The Supreme Court in the Loving Case stated that marriage is a fundamental civil right. And as for incestous relationships those can be proven to be harmful to the children engendered while the same cannot be said for SSM. As for polyamorous marriages well there is ample precedent for those namely the fact that before utah could become a state they had ban bigamous marriages. Although under today’s legal ruling that would have been overturned.
 
The Supreme Court in the Loving Case stated that marriage is a fundamental civil right. And as for incestous relationships those can be proven to be harmful to the children engendered while the same cannot be said for SSM. As for polyamorous marriages well there is ample precedent for those namely the fact that before utah could become a state they had ban bigamous marriages. Although under today’s legal ruling that would have been overturned.

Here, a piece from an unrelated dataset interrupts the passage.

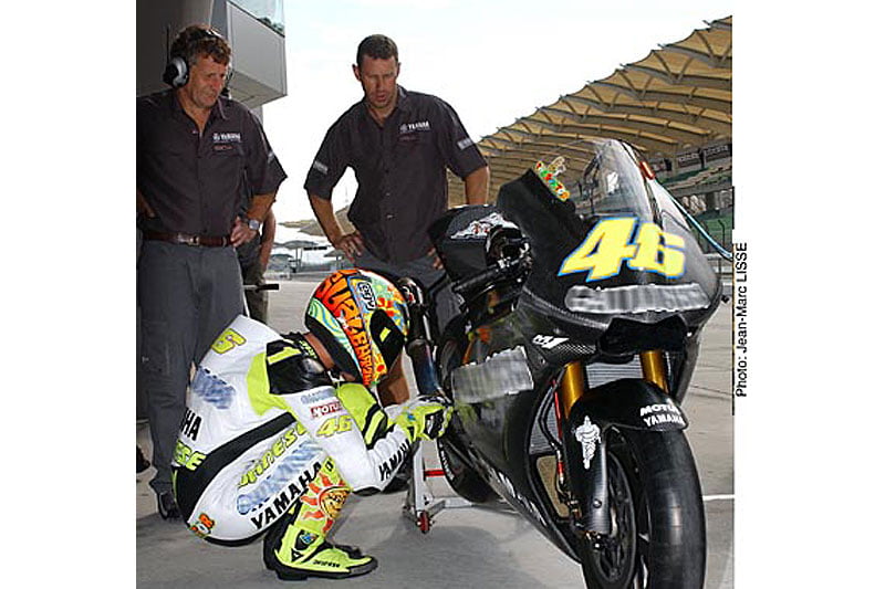 Le 23 janvier 2004, la veille des trois jours d’essais à Sepang en Malaisie, Valentino Rossi avait déclaré: « Cela fait plus de deux mois que je n’ai pas piloté une moto. Sachant que tout est nouveau, je vais presque repartir de zéro. Il me faudra une journée pour me réhabituer au pilotage, pour apprécier la vitesse et les distances de freinage. Évidemment la moto sera différente de celle à laquelle j’étais habitué. Gagner dès la première année sera certainement difficile. Il faut du temps pour être compétitif et gagner des courses. Nous allons essayer d’être au meilleur niveau pour la mi-saison et puis nous essaierons de gagner des courses. Mon objectif principal sera de comprendre la moto et de transmettre un maximum d’informations aux ingénieurs. En 2002, la M1 était plus ou moins au même niveau que la Honda, supérieure à certains niveaux et inférieure à d’autres. Pendant les essais hivernaux de l’an dernier entre 2002 et 2003, Honda a fait un grand pas en avant et Yamaha n’a pas semblé en mesure de se mettre au niveau. (Pour Welkom) cela dépendra du déroulement de nos essais et de la réactivité de Yamaha par rapport aux modifications potentielles. Bien que nous ne puissions pas forcément prétendre à la victoire, nous espérons ne pas être trop loin. «

If your comment concerning the Loving Case is correct, than the SC is currently holding two opposing views on marriage being a right-
-“fundamental civil right” in the Loving Case
-laws outlawing polygamy in the US and US laws not recognizing polygamous marriages of citizens married in a country where it is legal are constitutional

Given that Loving took place several decades ago and the fact that polygamy is still illegal here in the US I’d say your conclusions about what the Loving case really means are wrong.

As for endangering the children, not applicable (though I’m sure another poster can link you scientific studies that actually disprove your contention concerning no ill impact on children in a SSM). Your contention is that marriage is a civil right. Civil rights > possible bad effects, social impact. If you doubt this, contact the ACLU and ask to talk to the lawyers who defend the racist hate groups (namely the guys who walk around in bedsheets burning stuff). Or you could contact the lawyers representing that group that pickets soldiers’ funerals.